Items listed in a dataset
::::

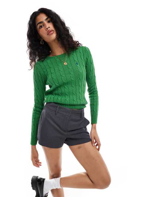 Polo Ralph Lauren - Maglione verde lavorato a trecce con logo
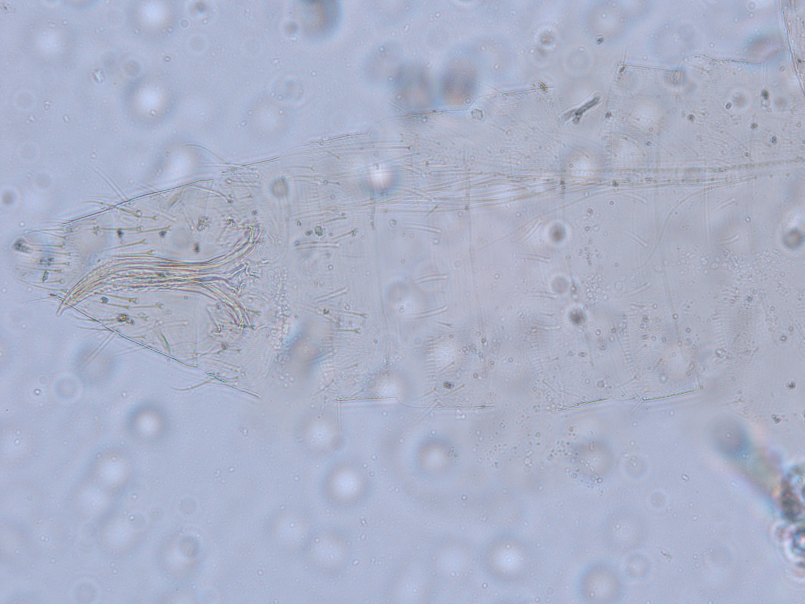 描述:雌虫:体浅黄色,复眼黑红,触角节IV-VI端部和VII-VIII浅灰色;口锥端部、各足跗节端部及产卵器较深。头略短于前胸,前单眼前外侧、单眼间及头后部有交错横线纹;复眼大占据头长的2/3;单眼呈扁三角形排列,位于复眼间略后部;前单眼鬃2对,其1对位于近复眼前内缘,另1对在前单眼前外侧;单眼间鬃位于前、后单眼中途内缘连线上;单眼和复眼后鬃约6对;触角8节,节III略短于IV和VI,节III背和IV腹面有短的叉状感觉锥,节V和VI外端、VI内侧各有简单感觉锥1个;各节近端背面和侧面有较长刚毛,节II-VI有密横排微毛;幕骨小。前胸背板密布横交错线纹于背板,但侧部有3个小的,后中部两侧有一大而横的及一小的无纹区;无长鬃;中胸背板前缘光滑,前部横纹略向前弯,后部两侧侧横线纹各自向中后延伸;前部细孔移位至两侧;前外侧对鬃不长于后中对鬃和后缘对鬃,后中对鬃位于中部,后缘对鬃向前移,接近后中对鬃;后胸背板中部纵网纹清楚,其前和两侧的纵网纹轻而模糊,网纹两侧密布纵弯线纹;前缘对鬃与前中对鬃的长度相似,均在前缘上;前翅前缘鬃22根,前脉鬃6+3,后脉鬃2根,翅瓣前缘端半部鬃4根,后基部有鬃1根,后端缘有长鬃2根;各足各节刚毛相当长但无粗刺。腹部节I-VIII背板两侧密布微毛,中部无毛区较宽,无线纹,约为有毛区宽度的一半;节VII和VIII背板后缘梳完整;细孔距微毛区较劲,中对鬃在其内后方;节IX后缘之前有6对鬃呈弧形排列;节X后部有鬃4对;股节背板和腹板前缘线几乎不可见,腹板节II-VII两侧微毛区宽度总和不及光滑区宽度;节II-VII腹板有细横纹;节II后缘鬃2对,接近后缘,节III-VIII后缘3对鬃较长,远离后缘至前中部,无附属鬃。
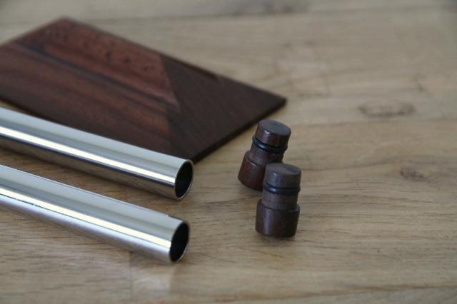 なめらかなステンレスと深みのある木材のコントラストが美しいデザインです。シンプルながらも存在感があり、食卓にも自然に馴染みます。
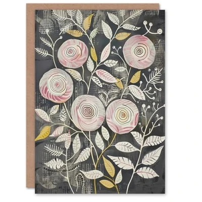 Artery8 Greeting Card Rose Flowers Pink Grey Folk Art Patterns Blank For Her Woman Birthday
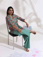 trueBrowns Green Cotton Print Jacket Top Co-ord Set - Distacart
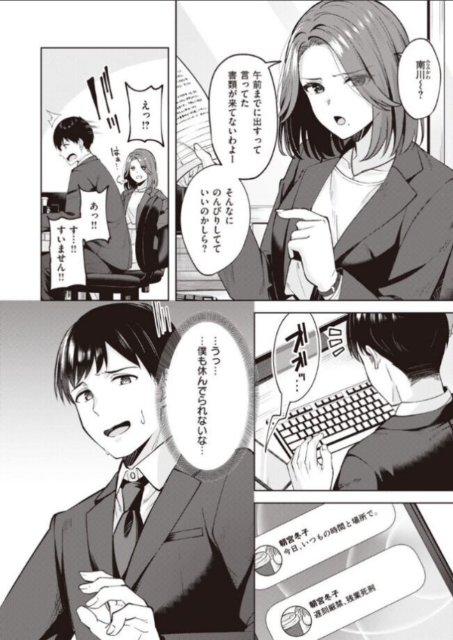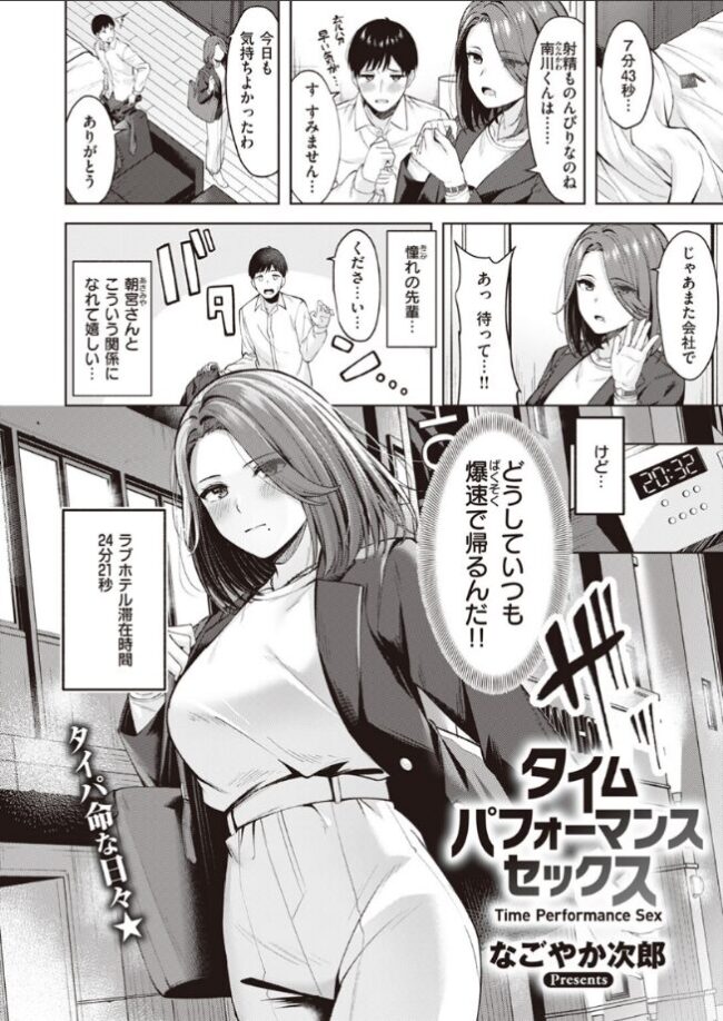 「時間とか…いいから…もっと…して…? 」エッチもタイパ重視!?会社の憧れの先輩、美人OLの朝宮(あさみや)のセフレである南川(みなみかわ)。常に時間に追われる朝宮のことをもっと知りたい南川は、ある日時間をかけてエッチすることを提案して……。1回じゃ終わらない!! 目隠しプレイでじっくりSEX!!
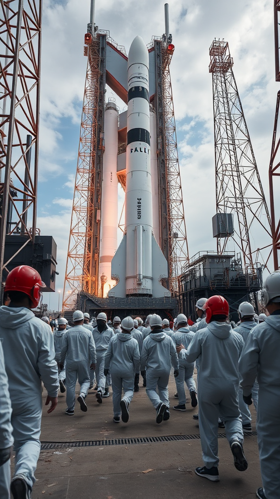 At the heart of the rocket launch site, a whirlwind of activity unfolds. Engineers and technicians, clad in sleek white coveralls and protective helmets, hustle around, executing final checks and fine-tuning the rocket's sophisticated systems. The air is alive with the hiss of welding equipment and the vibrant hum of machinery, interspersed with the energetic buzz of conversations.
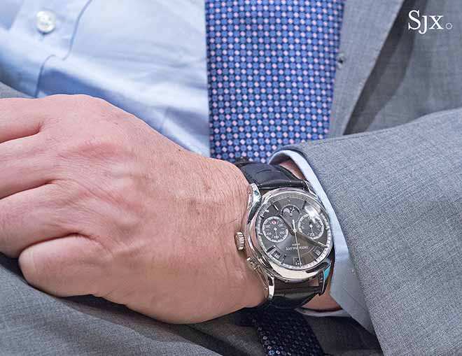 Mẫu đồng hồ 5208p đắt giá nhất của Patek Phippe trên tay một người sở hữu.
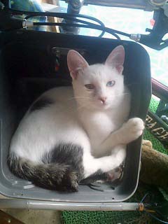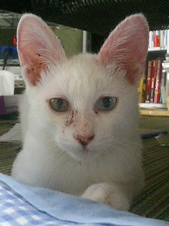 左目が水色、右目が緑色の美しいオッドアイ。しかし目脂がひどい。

::::

Print the stretch of the data from the line with "Mẫu đồng hồ" through its last line, exactly and with both ends kept. Omit pictures.

* **Exercise answer**:
 Mẫu đồng hồ 5208p đắt giá nhất của Patek Phippe trên tay một người sở hữu.
 左目が水色、右目が緑色の美しいオッドアイ。しかし目脂がひどい。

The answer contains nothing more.